---- Data

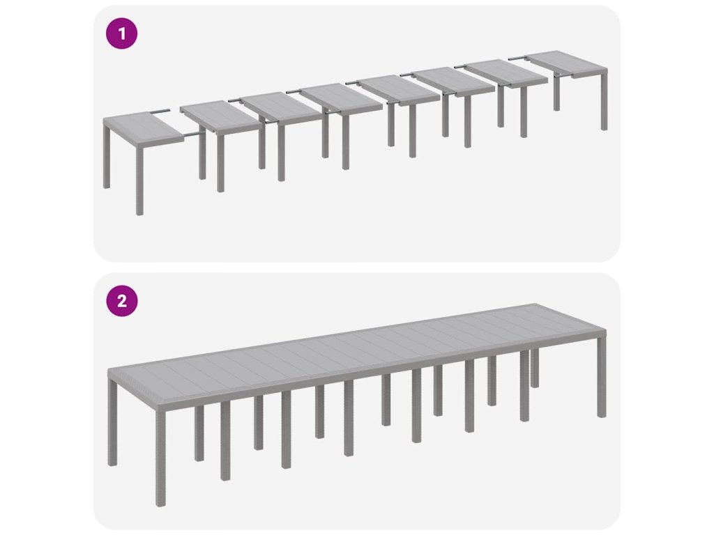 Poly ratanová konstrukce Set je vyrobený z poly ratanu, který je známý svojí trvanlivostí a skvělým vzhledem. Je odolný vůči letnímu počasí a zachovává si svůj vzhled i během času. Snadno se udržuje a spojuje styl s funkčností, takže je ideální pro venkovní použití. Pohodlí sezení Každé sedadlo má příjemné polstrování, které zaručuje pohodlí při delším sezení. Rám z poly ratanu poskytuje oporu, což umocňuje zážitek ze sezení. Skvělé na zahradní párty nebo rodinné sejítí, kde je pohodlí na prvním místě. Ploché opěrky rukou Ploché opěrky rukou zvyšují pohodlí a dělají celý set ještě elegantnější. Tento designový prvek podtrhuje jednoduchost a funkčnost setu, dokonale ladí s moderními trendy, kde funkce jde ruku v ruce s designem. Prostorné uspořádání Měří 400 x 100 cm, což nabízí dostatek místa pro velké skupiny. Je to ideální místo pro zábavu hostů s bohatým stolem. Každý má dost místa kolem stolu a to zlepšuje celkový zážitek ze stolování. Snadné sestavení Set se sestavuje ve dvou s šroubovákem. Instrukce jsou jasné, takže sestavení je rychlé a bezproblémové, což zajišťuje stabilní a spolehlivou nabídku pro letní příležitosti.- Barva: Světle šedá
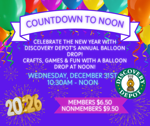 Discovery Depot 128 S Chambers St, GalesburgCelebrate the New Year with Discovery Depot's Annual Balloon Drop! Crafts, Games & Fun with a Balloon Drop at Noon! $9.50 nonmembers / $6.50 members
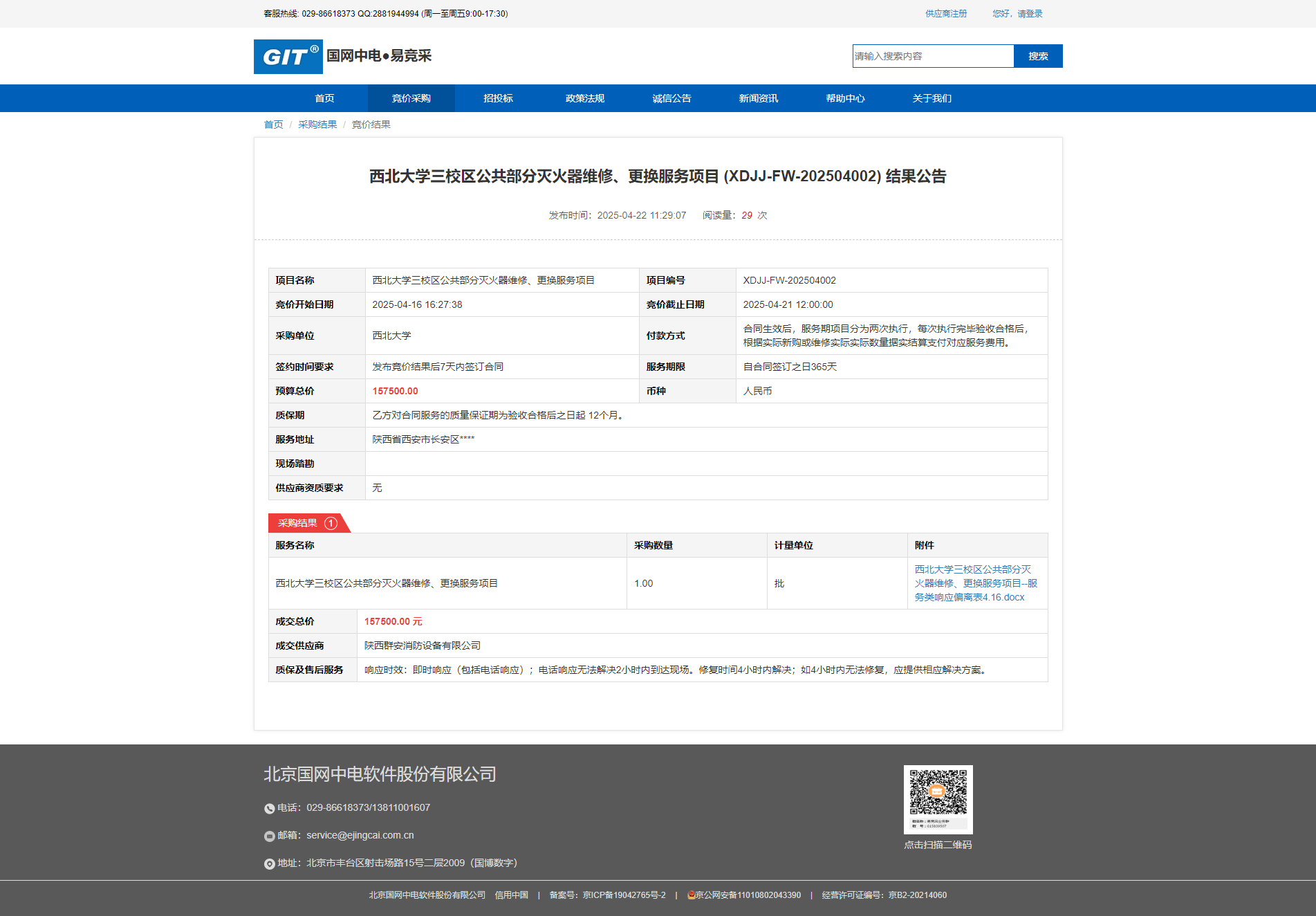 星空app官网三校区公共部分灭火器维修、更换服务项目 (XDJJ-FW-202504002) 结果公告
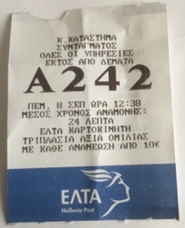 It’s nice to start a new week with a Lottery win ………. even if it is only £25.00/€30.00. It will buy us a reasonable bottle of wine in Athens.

--------

Extract the lines beginning with the one that contains "星空app官网三校区公共部分灭火器维修、更换服务项目 (XDJJ-FW-202504002) 结果公告" and ending with the last line of the listing. Keep them exact and drop the pictures.

--- Reply to the exercise ---
 星空app官网三校区公共部分灭火器维修、更换服务项目 (XDJJ-FW-202504002) 结果公告
 It’s nice to start a new week with a Lottery win ………. even if it is only £25.00/€30.00. It will buy us a reasonable bottle of wine in Athens.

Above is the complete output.